Jay le stava accanto, come sempre, annuendo vigorosamente con la testa agli altri. Alexandra aveva suggerito al gruppo di parlare di questo tipo di argomenti lontano dal bosco che li circondava: se davvero i Favoriti erano alle loro calcagna, avrebbero dovuto cercare nascondiglio, o almeno non far sentire quello che stavano dicendo.
- Allora dove andremo? - chiese piano Nicholas, avvicinandosi alla ragazza e lasciando Rosalie a giocherellare con le bacche nere e le corolle campanulate dai vividi colori. Chloe le stava accanto, ascoltando attentamente ciò che gli alleati stavano progettando.
- Non lo so, Nicholas! - sibilò Eliza, accigliandosi - Ma sento che non siamo al sicuro qui.
- Ha ragione - si intromise Jay a bassa voce.

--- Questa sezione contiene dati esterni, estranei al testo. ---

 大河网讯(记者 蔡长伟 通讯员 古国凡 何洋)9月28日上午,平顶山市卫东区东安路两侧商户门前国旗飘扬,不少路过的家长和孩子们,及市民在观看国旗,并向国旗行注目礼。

- No. Se ci muoviamo... intendo... come facciamo a sapere dove siamo diretti!? Questa Arena è enorme. Qui siamo al sicuro. Abbiamo cibo e per ora non possiamo... - continuò imperterrito l’altro ragazzo, curvandosi all’indietro e prendendo un lungo respiro.
- Tu non capisci: io me ne vado, che a te piaccia o no! - protestò Eliza.

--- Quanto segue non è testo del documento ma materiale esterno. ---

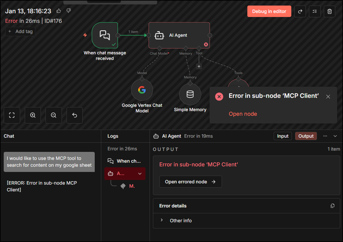 However, for some future work I realized it was failing to connect in n8n:
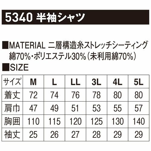 7. 作業服 半袖シャツ ホシ服装 半袖シャツ 5340 作業着 春夏 ストレッチ 二層構造糸
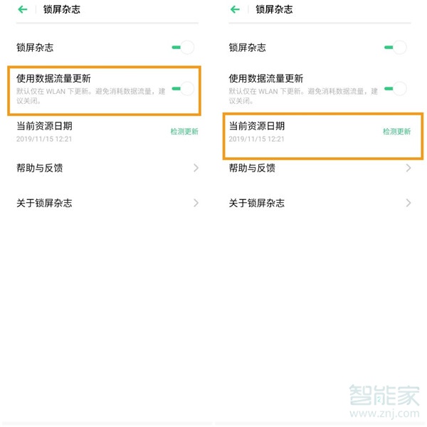 锁屏杂志默认是在WLAN网络下进行更新的,当然也可以选择将【使用数据流量更新】打开,或者选择手动【检测更新】。

Un’ombra avvolse il ragazzo del Distretto 12; Rose gli massaggiò piano la schiena con una mano, in modo affettuoso, e disse:
- Fa’ come ti dice lei, Nick.
 
Sophia ripercorreva i suoi passi con estrema cautela e con un silenzio degno di una regina del crimine, insieme alla sua piccola alleata. Lavinia Harmonia sospirò, nel bosco:
- Siamo arrivati?
- Shhh! - la zittì la Favorita - Siamo QUASI arrivati... erano a pochi metri da qui, probabilmente a cercare cibo. Quei due...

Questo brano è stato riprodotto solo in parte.